(Exercise description): Pictures must not appear in the copy. Reproduce exactly, and only, the lines from the one with "Ignite your style" through the end of the data below.

(Source data):
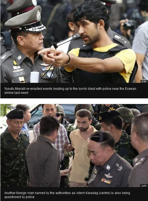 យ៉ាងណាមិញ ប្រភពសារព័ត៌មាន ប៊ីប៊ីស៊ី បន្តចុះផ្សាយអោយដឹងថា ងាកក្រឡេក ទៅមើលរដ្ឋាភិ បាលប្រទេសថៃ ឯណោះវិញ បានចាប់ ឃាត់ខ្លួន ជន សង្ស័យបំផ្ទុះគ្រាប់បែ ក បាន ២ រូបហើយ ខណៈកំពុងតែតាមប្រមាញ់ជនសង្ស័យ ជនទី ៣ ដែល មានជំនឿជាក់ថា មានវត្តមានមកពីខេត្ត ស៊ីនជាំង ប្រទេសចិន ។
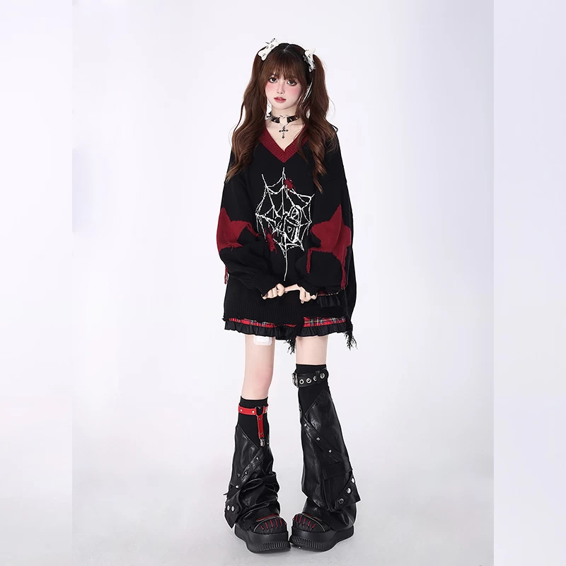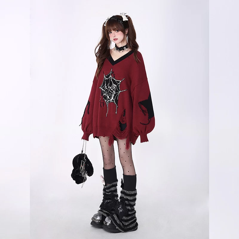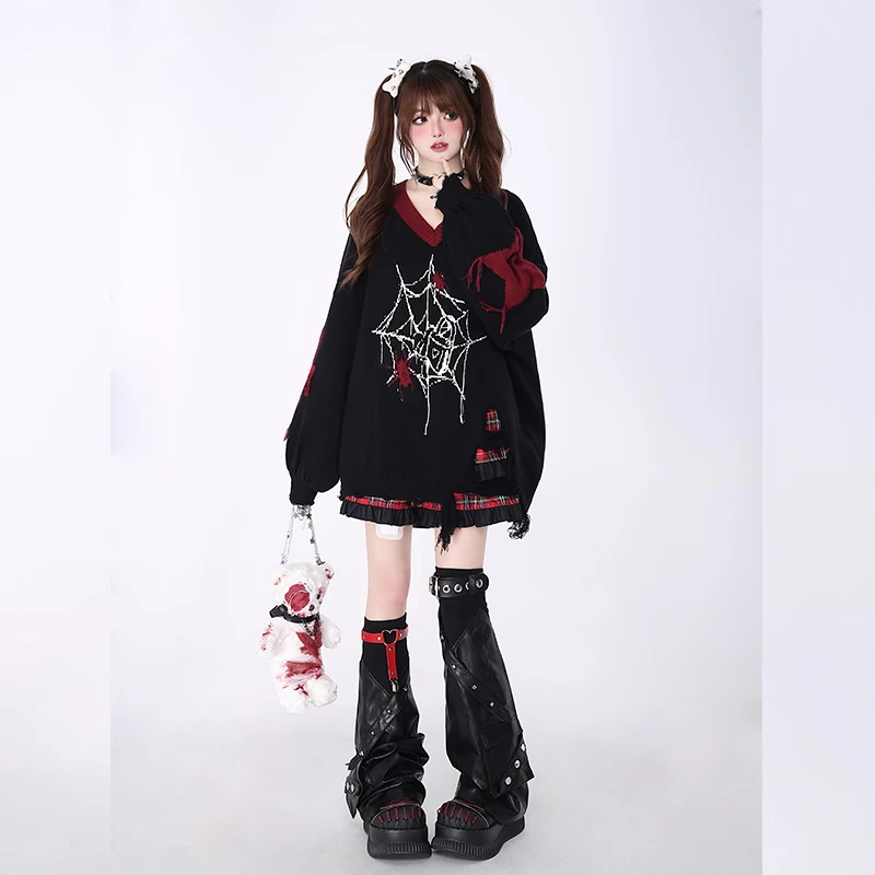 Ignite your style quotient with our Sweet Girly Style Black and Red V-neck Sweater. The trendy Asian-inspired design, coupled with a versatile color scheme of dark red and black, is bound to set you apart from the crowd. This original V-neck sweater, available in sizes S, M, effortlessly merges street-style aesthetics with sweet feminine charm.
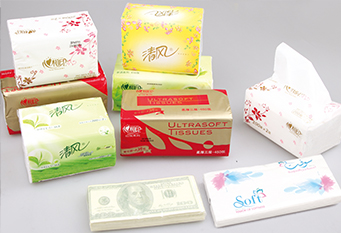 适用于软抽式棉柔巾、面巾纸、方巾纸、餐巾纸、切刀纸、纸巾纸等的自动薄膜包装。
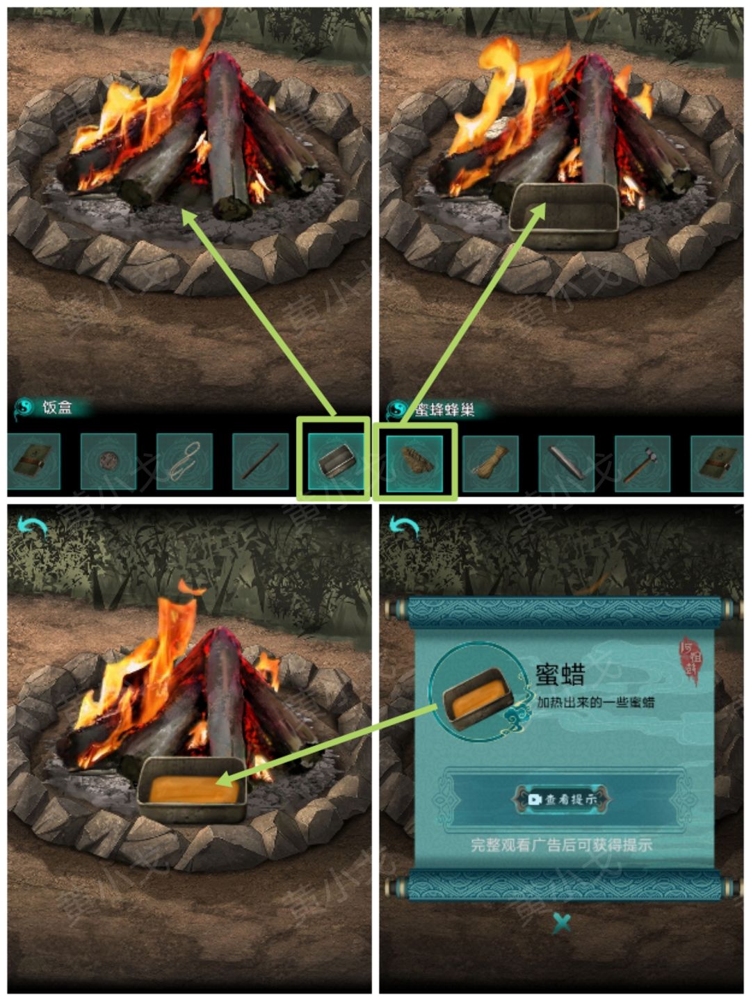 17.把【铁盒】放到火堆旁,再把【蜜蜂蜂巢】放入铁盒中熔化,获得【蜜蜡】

(Written solution):
 Ignite your style quotient with our Sweet Girly Style Black and Red V-neck Sweater. The trendy Asian-inspired design, coupled with a versatile color scheme of dark red and black, is bound to set you apart from the crowd. This original V-neck sweater, available in sizes S, M, effortlessly merges street-style aesthetics with sweet feminine charm.
 适用于软抽式棉柔巾、面巾纸、方巾纸、餐巾纸、切刀纸、纸巾纸等的自动薄膜包装。
 17.把【铁盒】放到火堆旁,再把【蜜蜂蜂巢】放入铁盒中熔化,获得【蜜蜡】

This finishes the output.